__HOW TO COMPLETE THIS TASK__
Using the listing below, print the line containing "Customize your Black", the line containing "The results, titled", and each line between them, exactly and nothing else. Pictures stay out of the print.

__AVAILABLE RECORDS__
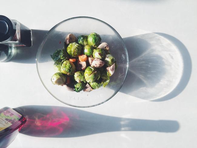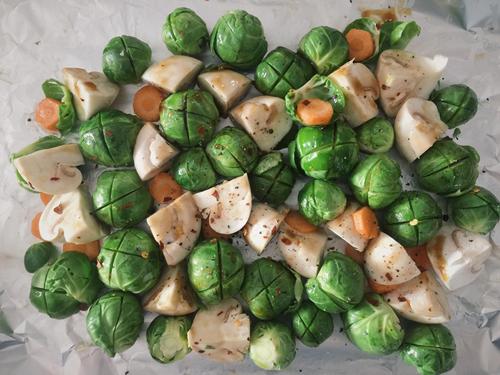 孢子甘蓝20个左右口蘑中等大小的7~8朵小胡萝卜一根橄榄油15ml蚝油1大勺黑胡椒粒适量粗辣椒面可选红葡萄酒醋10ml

* * *

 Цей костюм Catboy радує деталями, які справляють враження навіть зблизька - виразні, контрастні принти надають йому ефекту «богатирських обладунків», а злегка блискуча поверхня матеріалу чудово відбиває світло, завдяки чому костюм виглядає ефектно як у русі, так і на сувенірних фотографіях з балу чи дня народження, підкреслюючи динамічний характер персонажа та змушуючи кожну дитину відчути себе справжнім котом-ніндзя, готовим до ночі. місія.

...

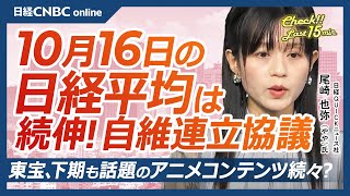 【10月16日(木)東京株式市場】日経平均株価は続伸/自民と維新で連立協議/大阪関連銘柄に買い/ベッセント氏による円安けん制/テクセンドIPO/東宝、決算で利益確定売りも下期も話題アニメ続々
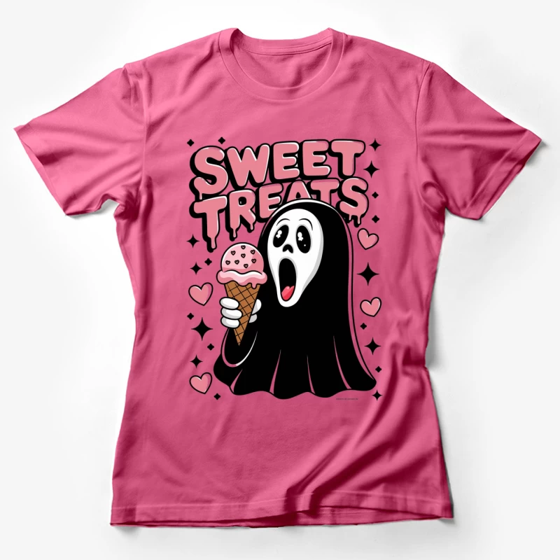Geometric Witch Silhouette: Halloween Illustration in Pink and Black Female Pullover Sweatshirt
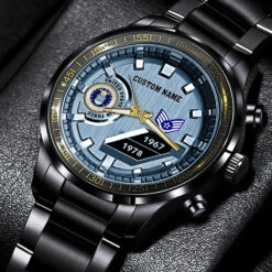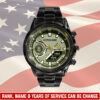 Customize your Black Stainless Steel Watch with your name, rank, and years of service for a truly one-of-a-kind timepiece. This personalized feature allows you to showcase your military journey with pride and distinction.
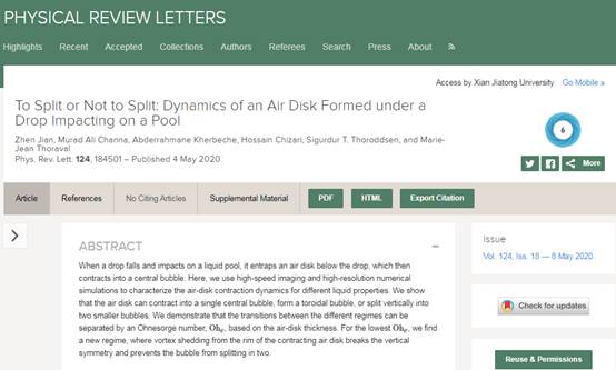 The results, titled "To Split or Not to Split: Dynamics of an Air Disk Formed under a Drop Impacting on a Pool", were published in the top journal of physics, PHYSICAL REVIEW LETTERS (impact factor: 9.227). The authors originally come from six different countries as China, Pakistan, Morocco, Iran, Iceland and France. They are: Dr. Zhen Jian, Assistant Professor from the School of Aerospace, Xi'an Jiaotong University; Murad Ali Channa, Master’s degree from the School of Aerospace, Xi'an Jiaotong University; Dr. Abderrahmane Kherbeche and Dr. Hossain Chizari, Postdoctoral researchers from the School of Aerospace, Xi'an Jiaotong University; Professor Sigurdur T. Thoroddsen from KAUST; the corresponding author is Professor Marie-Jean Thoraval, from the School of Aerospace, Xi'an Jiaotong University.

__RESPONSE TO THIS TASK__
 Customize your Black Stainless Steel Watch with your name, rank, and years of service for a truly one-of-a-kind timepiece. This personalized feature allows you to showcase your military journey with pride and distinction.
 The results, titled "To Split or Not to Split: Dynamics of an Air Disk Formed under a Drop Impacting on a Pool", were published in the top journal of physics, PHYSICAL REVIEW LETTERS (impact factor: 9.227). The authors originally come from six different countries as China, Pakistan, Morocco, Iran, Iceland and France. They are: Dr. Zhen Jian, Assistant Professor from the School of Aerospace, Xi'an Jiaotong University; Murad Ali Channa, Master’s degree from the School of Aerospace, Xi'an Jiaotong University; Dr. Abderrahmane Kherbeche and Dr. Hossain Chizari, Postdoctoral researchers from the School of Aerospace, Xi'an Jiaotong University; Professor Sigurdur T. Thoroddsen from KAUST; the corresponding author is Professor Marie-Jean Thoraval, from the School of Aerospace, Xi'an Jiaotong University.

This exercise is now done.